#shorts Kennedy: Alright, professor Marcus, if you could be specific. This is your shot, man. Laugh. Talk in plain English and tell me what, if any rules we ought to implement. And please don’t just use concepts. I’m looking for specificity.
Marcus: Number one, a safety review like we used with the FDA prior to widespread deployment. If you’re gonna introduce something to a hundred million people, somebody has to have their eyeballs on it.
Kennedy: There you go. Okay. That’s a good one Number. I’m not sure I agree with it, but that’s a good one. What else?
Marcus: You didn’t ask for three that you would agree with. Number two, a nimble monitoring agency to follow what’s going on.
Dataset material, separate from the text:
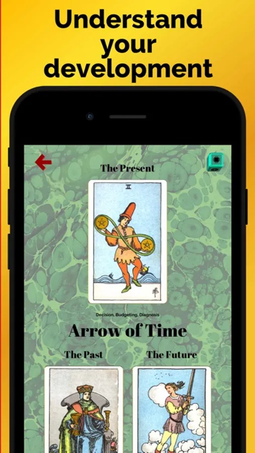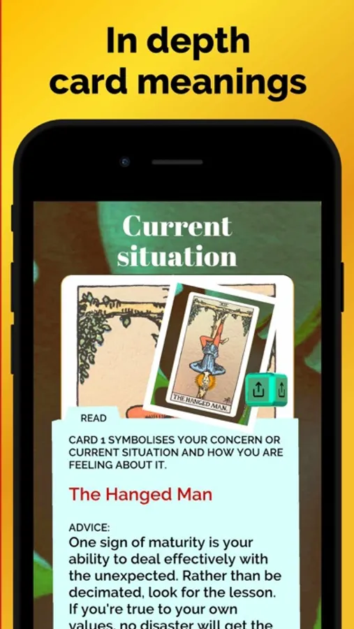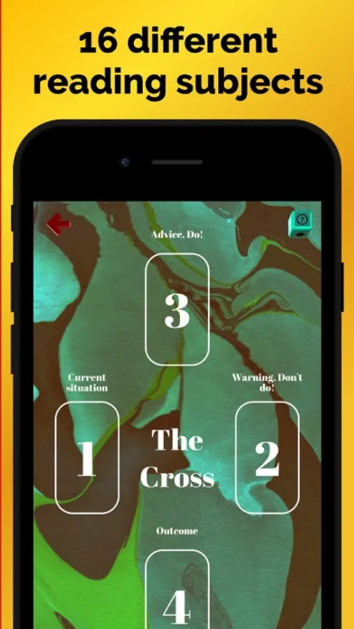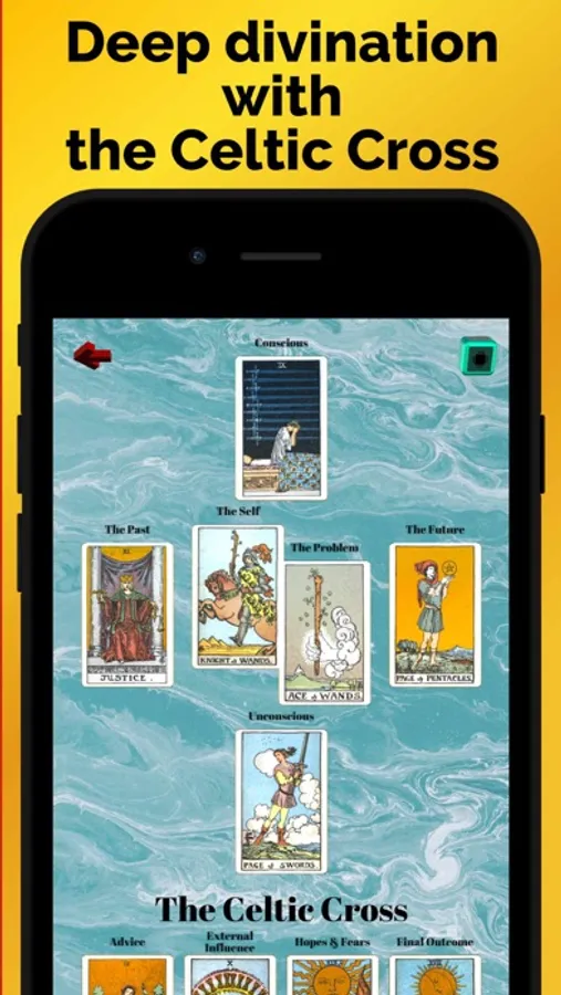 The reading spreads offer subjects such as receiving advice, reflecting the self, analysing projects, understanding relationships and assessing paths for personal development. They range from quick and easy with 2 or 3 cards to deep divination readings with 10 cards like the Celtic Cross. They are beautifully designed with exquisite marbling backgrounds and elegant typography or can be saved for later and shared with friends in messenger apps and on social media.

Not just pre-review but also post as things are out there in the world with authority to call things back, which we’ve discussed today. And number three would be funding geared towards things like ai, constitution, ai, that can reason about what it’s doing. I would not leave things entirely to current technology, which I think is poor at behaving in ethical fashion and behaving in honest fashion. And so I would have funding to try to basically focus on AI safety research. That term has a lot of complications in my field. There’s both safety, let’s say short term and long term. And I think we need to look at both rather than just funding models to be bigger, which is the popular thing to do. Okay. We need to fund models to be more trustworthy.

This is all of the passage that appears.